By default, bazel uses /private/var/tmp as the outputRoot on MacOS. This means that the eclipse project will reference libraries stored under that directory. However, MacOS runs periodic cleanup task which deletes the content under /private/var/tmp which wasn’t accessed or modified for some days, by default 3 days. This can lead to a broken Eclipse project as referenced libraries get deleted.

There are two possibilities to mitigate this issue.

Change the location of the bazel output directory

On Linux, the output directory defaults to $HOME/.cache/bazel and the same can be configured on Mac too. Edit, or create, the $HOME/.bazelrc file and add the following line:

startup --output_user_root=/Users/johndoe/.cache/bazel

Increase the threshold for the cleanup of temporary files

The default threshold for the cleanup can be overridden by creating a configuration file under /etc/periodic.conf and setting a larger value for the daily_clean_tmps_days.

An example /etc/periodic.conf file:

# This file overrides the settings from /etc/defaults/periodic.conf
daily_clean_tmps_days="45"                              # If not accessed for

For more details about the proposed workaround see this post

Eclipse project with custom plugins

To add custom plugins to the eclipse project add them to tools/bzl/plugins.bzl the same way you would when bundling in release.war and run tools/eclipse/project.py.

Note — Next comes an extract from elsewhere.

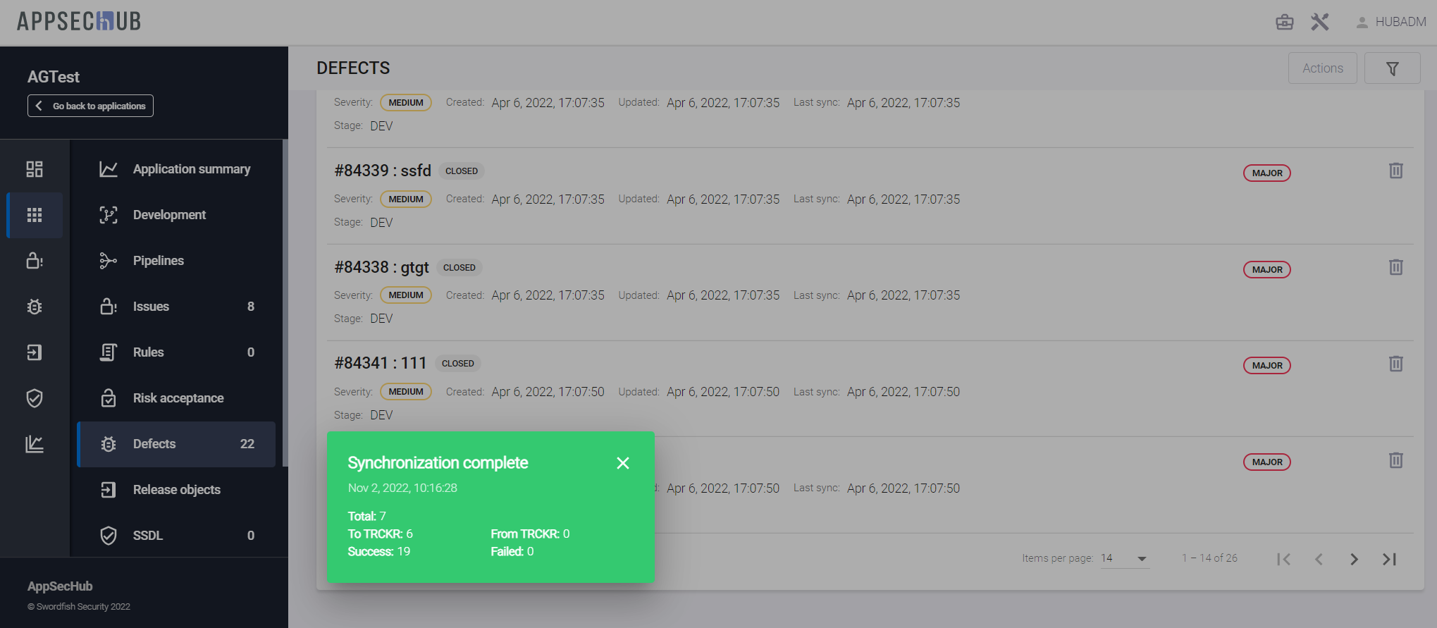 Подождите, пока процесс синхронизации будет успешно завершен. Теперь статус дефекта безопасности в AppSec.Hub должен получить значение Fixed, как и в Jira.

If a plugin requires additional test dependencies (not available in the Gerrit), then in order to execute tests directly from Eclipse, that plugin must be also added to CUSTOM_PLUGINS_TEST_DEPS list in tools/bzl/plugins.bzl and Eclipse project configuration needs to be updated by running tools/eclipse/project.py.

Java Versions

Java 11 is supported as a default, but some adjustments must be done for other JDKs:

  • Add JRE, e.g.: directory: /usr/lib64/jvm/java-9-openjdk, name: java-9-openjdk-9

  • Change execution environment for gerrit project to: JavaSE-9 (java-9-openjdk-9)

  • Check that compiler compliance level in gerrit project is set to: 9

Moreover, the actual java 11 language features are not supported yet.

Code Formatter Settings

To format source code, Gerrit uses the google-java-format tool (version 1.24.0), which automatically formats code to follow the style guide. See Code Style for the instruction how to set up command line tool that uses this formatter. The Eclipse plugin is provided that allows to format with the same formatter from within the Eclipse IDE. See Eclipse plugin for details how to install it. It’s important to use the same plugin version as the google-java-format script.

Site Initialization

Build once on the command line with Bazel and then follow Site Initialization in the Developer Setup guide to configure a local site for testing.

Testing

The Gerrit web app UI is served by Web Dev Server. To launch it,

run this command:

  $ npm run start

Running the Daemon

Duplicate the existing launch configuration:

  • In Eclipse select Run → Debug Configurations …​

  • Java Application → gerrit_daemon

  • Right click, Duplicate

  • Modify the name to be unique.

  • Switch to Arguments tab.

  • Edit the -d program argument flag to match the path used during 'init'. The template launch configuration resolves to ../gerrit_testsite since that is what the documentation recommends.

  • Switch to Common tab.

  • Change Save as to be Local file.

  • Close the Debug Configurations dialog and save the changes when prompted.